I tried to turn my face for shame, knowing he were but a boy, but the sight of the ebbing moon o’er his skin, sleek as a selkie, and the roundness of his backside in the dim dawn light pulled my eyes to the scene and wouldn’t be letting them go. But he was little to behold in comparison to the sight of her.

’Twere as if she wasn’t of the waves, but were the waves herself. I’d swear to’t there were more than one of her, but I couldn’t say for certain; could only say her lips and arms and tail – that glittering tail of a million bright jewels! – were on him like a thousand currents, all’t once. She washed o’er his face, then the smooth swell of his boy’s chest, brushing her breasts o’er him, their buds redder than any rose I’d ever seen and there were music to’t, too. The crash of water on stone, and then his sighs, high and clear, and her pretty laughter – so loud I were sure all the town’d come running at any moment.

But they could not have heard, for none came. None came as she wrapped her mouth o’er his tall rod and suckled’t, milking the thing until cream and water ran down her chin, and I watched dazed – silently cursing myself, for no good Christian woman’d sit and watch such things – but I couldn’t move from my place, I was drawn to the scores of arms and limbs from beneath the water covering the boy.

The longer I watched, the more I felt a heat inside me that made me itch and hunger, and the more I watched, the more’t seemed that I wasn’t watching the creature – or creatures, as’t seemed there were many – moving o’er Alan, but moving o’er myself.
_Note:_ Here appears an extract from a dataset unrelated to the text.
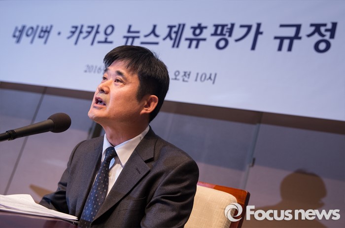 (서울=포커스뉴스) 인터넷 포털 네이버와 카카오의 뉴스 제휴 심사를 담당할 '뉴스제휴평가위원회'가 7일 오전 서울 중구 프레스센터에서 '네이버-카카오 뉴스 제휴 및 제재 심사 규정'을 발표하는 기자간담회를 진행하고 있다. 김병희 제 2 소위원장이 세부 규정에 대해 발표하고 있다.

My nose were full of salt, but I could feel those cold arms, and sodden hair moving o’er me, a thousand mouths on my lips, my breasts, o’er my stomach and in the cavern between my legs. I could feel the coarse sting of icy spray on my face, and the crags piercing my back, but I could not move, stricken as sure as if I’d been hit by a thunderbolt.

I watched each thin finger weave in and out of every warm crevice, each snakelike tongue dart and lap hungrily and my ears were filled with the sweetest music; sighs upon sighs, as the angels do sing in Heaven so was the sound on that cliff.

I looked for Alan from behind my closed eyes, but I could not open them again, dizzy as I were, and then I felt’t upon me – a wild pulsing deep in my belly, and my own heartbeat rang loud in my ears as a drum. Lips pulled at my breasts as the mouths between my legs locked on some hidden place there, nearly drawing my breath from my lungs as’t coaxed the heat full from me. I felt I would scream from the intensity of’t, but the only cry I heard was Alan’s as I floated apart from myself, limbs light as feathers, and I shuddering like a child with the fever.

And then’t stopped, as quickly as a dream when you wake up sudden, and ’twas none but me on that cliff, silent and cold, with none but the sound of the waves.

And Alan’s voice soft beneath them, carried by laughter. And me, alone, red with shame and green with jealousy, for I was left behind.

They say she came because she heard the singing, say she heard’t o’er the cliff on the edge of the Beeks’ field, right down under the waves. They say none of us saw her for what she were, as she sat in that last pew but every Sunday, blanket o’er her legs, they say that even Alan didn’t see until ’twas too late. They say – now, they say — that surely ’twas a curse upon us, but if ’twere, then I am a heathen, for how I long for those demons again. Some few say ’twere a blessing, but if that be so, I ha’been passed o’er for heaven by the angels themselves. In any event, I cannot step into church again, knowing I be either scorned by angels, or am in thrall with devils. They say I am simply too heavy with grief about Alan. What they say ’tisn’t right, but they’ll never know’t.

They say to John to carve her face into the last pew, so as to warn others that might come that we know of them, and will not be fooled again. I say naught a thing – but watch as he carves her beautiful face, hoping they come again, and mistake’t instead for a welcome, and I spend my Sundays instead on the cliffs, learning to sing, closer to God.